A diferencia del estado de excepción y de sitio, en el estado de alarma no se suspende ningún derecho fundamental, pero se establecen restricciones muy fuertes a distintos derechos. Con todo, hay que reconocer que, en la práctica, no resulta fácil establecer la línea que separa las medidas fuertemente restrictivas de un derecho fundamental de su suspensión. Lo relevante es que estas medidas de reforzamiento del poder del Gobierno y de grave afectación de los derechos de los ciudadanos solo pueden ser adoptadas en el marco del “derecho de crisis” y con el debido control parlamentario. Aunque el Gobierno puede decretar el estado de alarma, su prolongación más allá de 15 días requiere la aprobación del Congreso de los Diputados. Y todas las medidas dictadas a su amparo están sujetas al control del Poder Judicial. El estado de alarma se configura así como el instrumento jurídico que permite hacer frente a una crisis sanitaria grave respetando los principios del Estado de derecho.
El reforzamiento de los poderes del Gobierno implica restricciones graves a la libertad de los ciudadanos, por un lado, y la suspensión temporal, en determinados ámbitos, del sistema de distribución competencial entre el poder central y los poderes autonómicos, por otro. En ese contexto, los principios informadores del “derecho de crisis” son el de “estatalización”, que implica el control por el poder público de recursos del sector privado, y el de “centralización” de las competencias y de la toma de decisiones.

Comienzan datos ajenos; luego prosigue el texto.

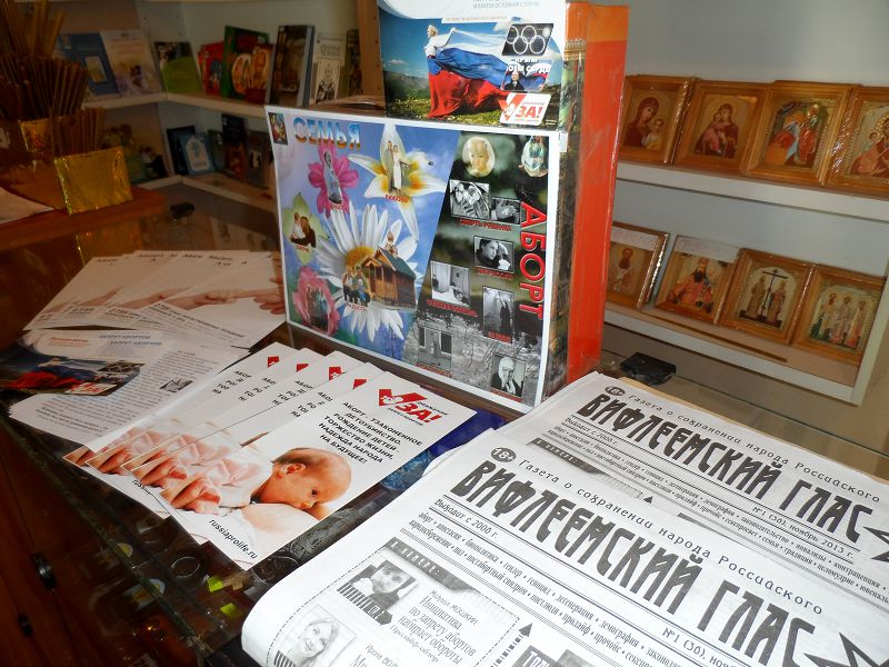 В церковной лавке распространялись листовки и памятки в защиту жизни ещё не родившихся малышей.

El decreto de declaración del estado de alarma aprobado el sábado establece que, durante su vigencia, la única autoridad competente es el Gobierno y designa como autoridades delegadas a los ministros de Interior, Defensa, Sanidad y Transportes. Como únicas autoridades competentes, el presidente y los citados ministros pueden dar órdenes e instrucciones a todos los funcionarios y agentes de todas las Administraciones Públicas. Todas las fuerzas de seguridad, personal sanitario, etcétera, quedan bajo sus órdenes. Se trata de una consecuencia del principio de centralización de competencias inherente al “derecho de crisis”. El decreto no supone invasión de competencias autonómicas, sino suspensión temporal —y limitada a ciertos ámbitos— del sistema de distribución competencial.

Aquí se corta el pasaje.